━━ RECORD EXCERPTS

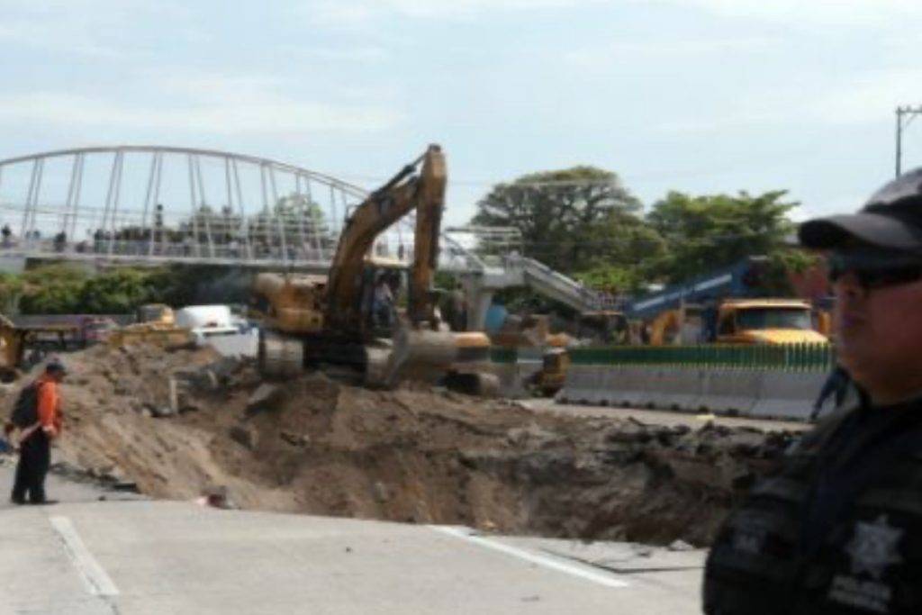 La SCT argumentó que el hundimiento se dio por una alcantarilla tapada por una enorme cantidad de basura.
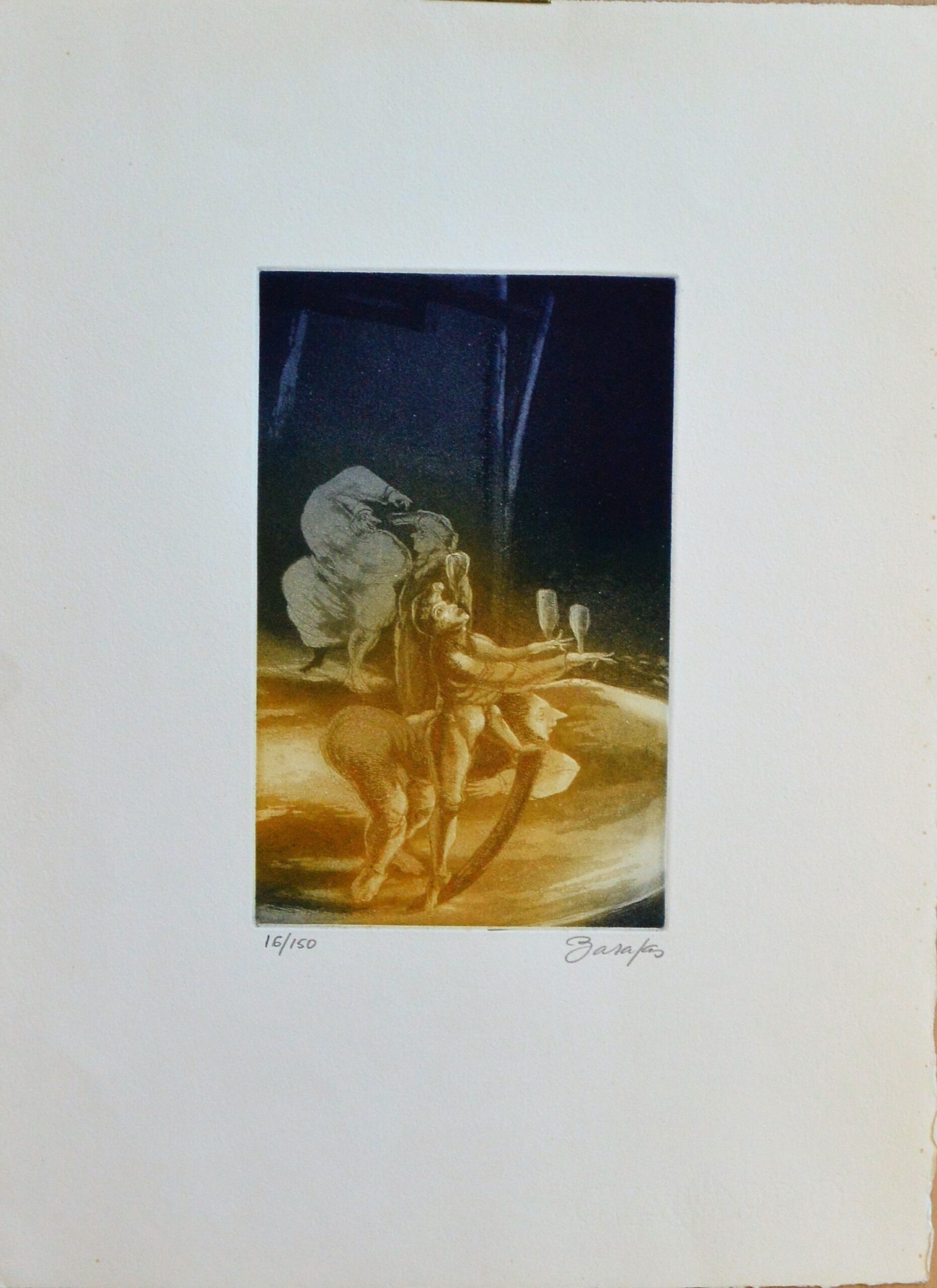 Andrés Barajas, Brindis a la luna, grabado, edición 150 ejemplares, numerado y firmado a lápiz, plancha 19×12 cms. y papel 38×28 cms.
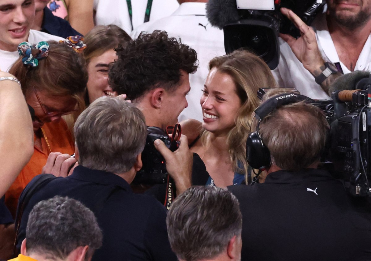 Έχουν περάσει λίγα λεπτά από τη στιγμή που πέρασε τη γραμμή τερματισμού και «πάρκαρε» την πορτοκαλί του McLaren. Αφού βγήκε από το κόκπιτ του μονοθεσίου του, ύψωσε τις γροθιές του στον αέρα και έτρεξε στη μητέρα του Σίσκα, ο Λάντο Νόρις «προσγείωθηκε» στην αγκαλιά μιας πανέμορφης καστανόξανθης γυναίκας, που τον επιβράβευσε με ένα παθιασμένο φιλί.
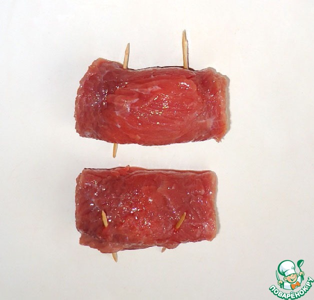 Свернуть рулетом, закрепить маленькими шпажками и отварить до готовности с добавлением соли.
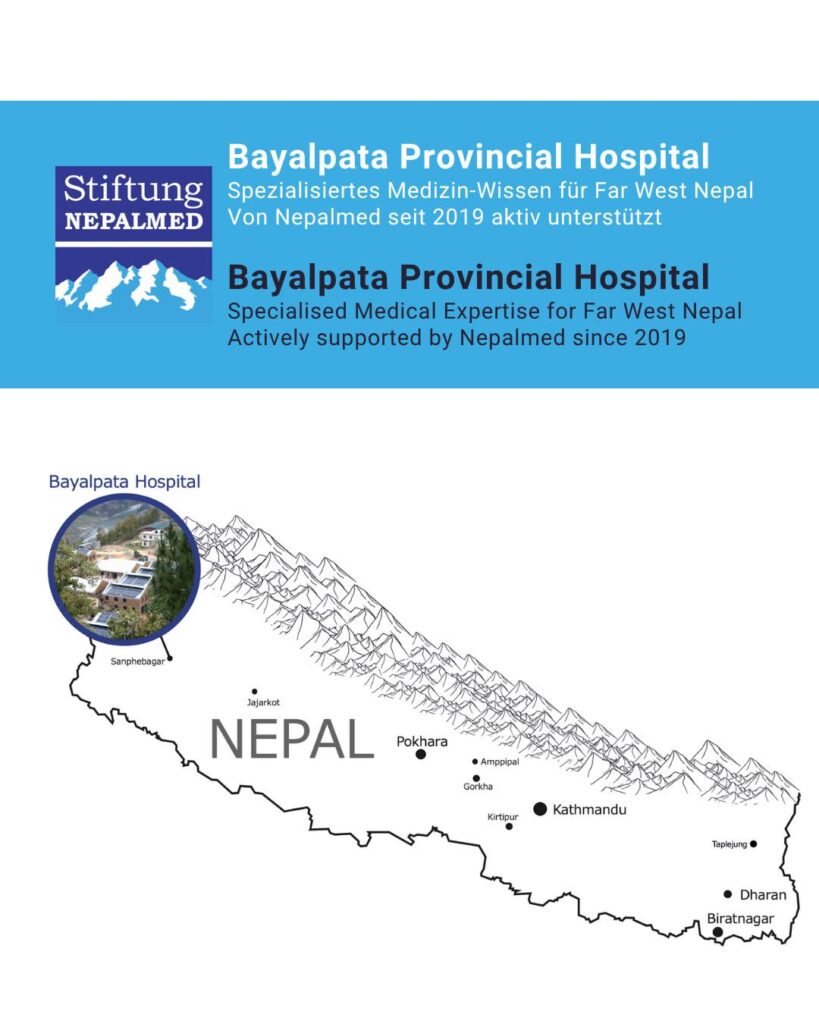 Nepalmed e.V. is an aid organization and promotes Nepalese initiatives in the field of medicine and health care. Especially education and training of medical staff as well as the financing of maintenance measures of hospitals

━━━━

→ **PROBLEM REQUIREMENTS**:
When you reach the line containing "Свернуть рулетом, закрепить" in the records above, write out that line and every line after it through the end, exactly, but omit the pictures.

→ **EXERCISE SOLUTION**:
 Свернуть рулетом, закрепить маленькими шпажками и отварить до готовности с добавлением соли.
 Nepalmed e.V. is an aid organization and promotes Nepalese initiatives in the field of medicine and health care. Especially education and training of medical staff as well as the financing of maintenance measures of hospitals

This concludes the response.